Looks like  reads are not 4k-aligned gluster is merely executing the fops it got from higher layers.
For instance, one of the reads that failed with 'Invalid argument' had offset=6121984 in the tcpdump.
This is not an integral multiple of 4096, and as a result the read failed.

Version-Release number of selected component (if applicable):


How reproducible:


Steps to Reproduce:
1.
2.
3.

Actual results:


Expected results:


Additional info:

Comment 1 Sahina Bose 2019-09-18 14:55:38 UTC
Gobinda, can you check if this is due to Bug 1745443? Have we included the correct version?

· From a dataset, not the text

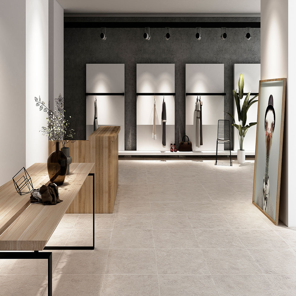 年月を経たコンクリートの風合いがあります。洗い出しにも似たアンティークな味わいが特徴です。光沢の少ないマットタイプと防滑性の高いアンチスリップタイプがあります。600mm角 (壁:接着剤張/金具工法推奨)

Comment 2 Nir Soffer 2019-09-18 19:39:28 UTC
(In reply to Gobinda Das from comment #0)
> Description of problem:
>  During RHHI deployment at te time of HE health check deployment failed and
> he vm moved to paused state. 
> Engine status                      : {"reason": "bad vm status", "health":
> "bad", "vm": "up", "detail": "Paused"}

Please share:
- /var/log/vdsm/vdsm.log showing the time frame when the vm was started and paused
- /var/log/libvirt/qemu/vm-name.log 

> qemu-kvm-rhev-2.12.0-33.el7.x86_64

You need qemu-kvm-rhev-2.12.0-33.el7_7.3 for 4k support. Can you check the version
again?

> Looks like  reads are not 4k-aligned gluster is merely executing the fops it
> got from higher layers.
> For instance, one of the reads that failed with 'Invalid argument' had
> offset=6121984 in the tcpdump.
> This is not an integral multiple of 4096, and as a result the read failed.

This sounds like qemu issue, but lets make sure we are using the correct qemu
version before pass this to qemu folks.

Comment 3 Gobinda Das 2019-10-03 13:47:19 UTC
Closing this as dependent bug is  closed.